19. September 2018 bis 17. März 2019

Durch sensibel gestaltete Porträts ihrer Zeitgenossen machte sich die Berliner Malerin Lotte Laserstein (1898–1993) in den späten Jahren der Weimarer Republik einen Namen. Erfolgreich beteiligte sie sich an zahlreichen Ausstellungen und Wettbewerben. Ihre Kritiker fanden hymnische Worte für sie, bezeichneten sie als „leidenschaftliche Malernatur“ und bestätigten ihr „ein Können von beachtlichem Ausmaß“. Nach der frühen Anerkennung endete ihre Karriere jedoch schlagartig: Die politischen Bedingungen im Nationalsozialismus schlossen die Malerin mit jüdischem Hintergrund zunehmend aus dem öffentlichen Kulturbetrieb aus. 1937 musste sie Deutschland verlassen. Abgeschnitten von der internationalen Kunstszene geriet ihr Werk weitgehend aus der öffentlichen Wahrnehmung. Heute gehört Lasersteins Œuvre zu den großen Wiederentdeckungen der letzten Jahre.


Weltkulturen Museum

www.weltkulturenmuseum.de

Entre Terra e Mar. Zwischen Erde und Meer. Transatlantische Kunst
Eine Ausstellung mit den Künstlern Ayrson Heráclito (Salvador da Bahia, Brasilien) und Rigo 23 (Madeira, Portugal und Los Angeles, USA)

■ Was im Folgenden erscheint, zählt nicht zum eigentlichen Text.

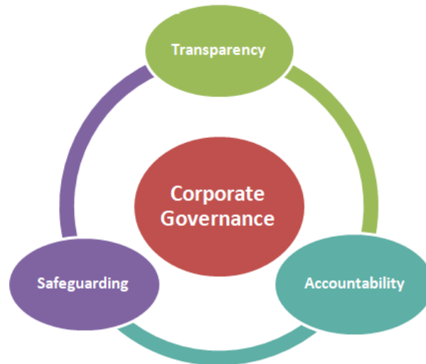
Figure 1: Three Factors of Corporate Governance

The Banking and financial sector is readily distinguishable from the others. A few distinguishing features stand out:

12. Oktober 2017 bis 26. August 2018

Das Weltkulturen Museum präsentiert zeitgenössische politisch-poetische Interventionen und Werke der international bekannten Künstler Ayrson Heráclito und Rigo 23.
Die Ausstellung bildet einen Höhepunkt in der langjährigen Beschäftigung des Museums mit afrobrasilianischen und indigenen Aspekten in Kunst und Kultur Brasiliens und setzt neue Impulse hinsichtlich der aktuellen Wahrnehmung transatlantischer Kunstprozesse zwischen Afrika, Europa und Amerika. Hierzu gehört besonders die Begegnung der Künstler mit Sammlungsobjekten aus Südamerika und Afrika. Ihre Objektauswahl spiegelt eigene Sichtweisen und Schwerpunkte wider und ist in der Ausstellung zu sehen.